Preview simple substitutions on stdout.
Show transformed text without touching the file.

Recommendation:

Implement read_file_range in Rust instead of invoking sed.
If sed is used, only permit -n plus generated address/print scripts.
Never pass model-authored sed scripts directly.
Never let a text-inspection helper become an implicit edit path.

Portability note:

Local sed is BSD/macOS style and does not support --help.
GNU sed and BSD sed differ in extensions and -i behavior.

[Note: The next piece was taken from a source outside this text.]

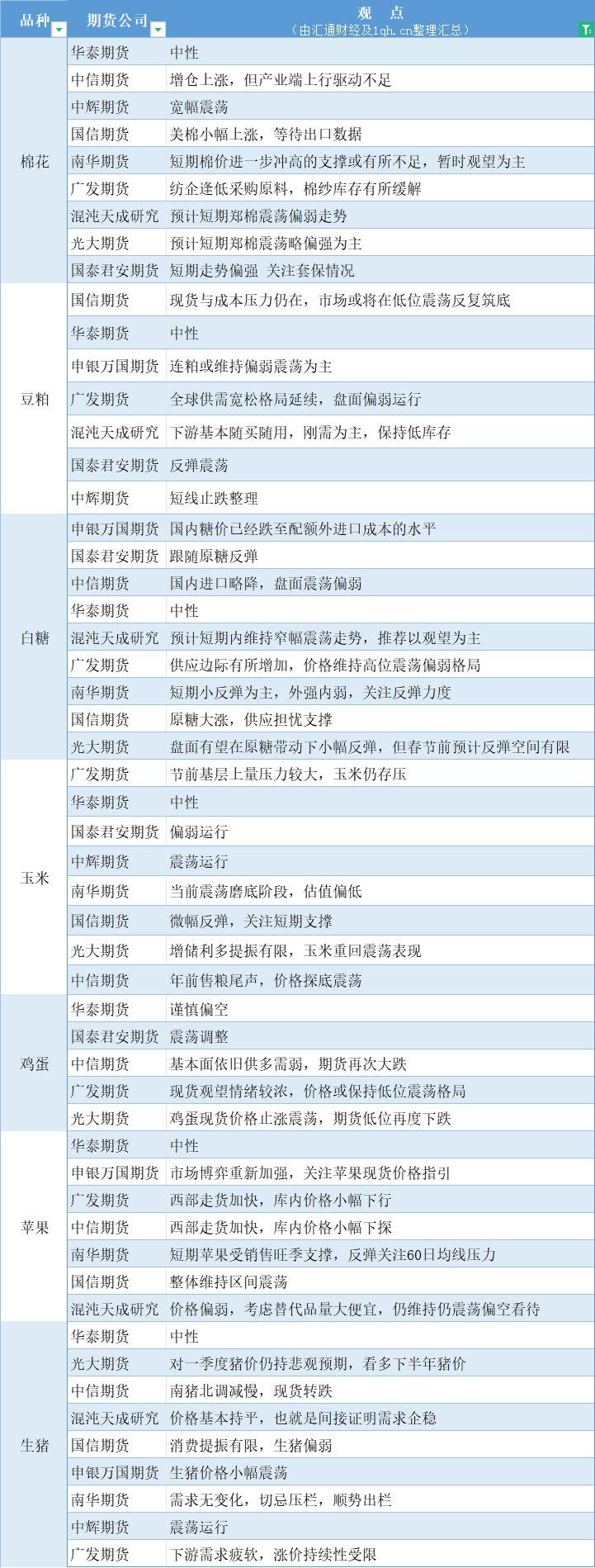 汇通财经APP讯——期货公司观点汇总一张图:1月19日农产品(棉花、豆粕、白糖、玉米、鸡蛋、生猪等)

Keep any required sed usage POSIX-ish or avoid it.

`awk` Role

Use cases:

Count rows/fields in logs or delimited data.
Extract a column from a bounded text stream.
Build simple summaries from command output.

Recommendation:

Prefer canned templates over arbitrary awk programs.
Feed bounded input through stdin, not project-wide files directly.
Strip or reject programs containing redirection, pipes, or system( if raw awk ever becomes a human-approved advanced mode.
Default to Rust-native parsing when the format is known.

Questions for Review

When should a harness parse rg --json instead of simpler line output?
- Parse rg --json once matches need stable paths, line numbers, truncation metadata, or machine-readable UI rendering.
When should path discovery prefer fd over rg --files?
- Prefer fd when the query is about filesystem entries and filters, and use rg --files when search tooling already owns ignore semantics.
Do we want an advanced human-approved “run awk” mode after v1, or should summaries stay template-only?
- Keep summaries template-only unless users repeatedly need arbitrary tabular transformations that cannot be expressed safely.
What is the default output cap per tool call: lines, bytes, or both?
- Cap both bytes and lines so huge lines and huge result counts are bounded independently.

Connections

Related ideas: Pi’s explicit small tool set; Herdr’s semantic tool/process states; deterministic snapshots for tool-result rendering; narrow tool boundaries before broad process execution.
Related sources: pi, herdr, release.
Contradictions or tensions: developer muscle memory favors raw shell commands, but an agent-facing harness needs typed, bounded, auditable operations.
Conceptual uses: reliable repo search, file discovery, context gathering, output capping, path containment, and safe transcript rendering.

Open Questions

When should broad text-processing or shell-like power be exposed to the model?
- Recommendation: Prefer typed, capped search and file tools first, and expose broad text-processing or shell-like power only behind explicit product need.
Whether to vendor Rust crates for search/traversal later (ignore, grep, walkdir) instead of spawning fd/rg.
- Recommendation: Keep spawning mature CLI tools until portability, startup cost, or structured-output needs make Rust-native crates clearly better.
How to handle Windows environments where sed/awk may be absent.
- Recommendation: Avoid depending on sed or awk for core behavior and implement required inspection paths in Rust.
Whether user config should allow hidden/ignored files globally or only per tool call.
- Recommendation: Make hidden and ignored traversal explicit per call, with any global default staying conservative.
How much stderr should be shown in the transcript versus hidden in diagnostics.
- Recommendation: Show concise stderr summaries in the transcript and keep full diagnostic detail behind capped logs or verbose output.

Notable Quotes

“ripgrep will never modify your files.”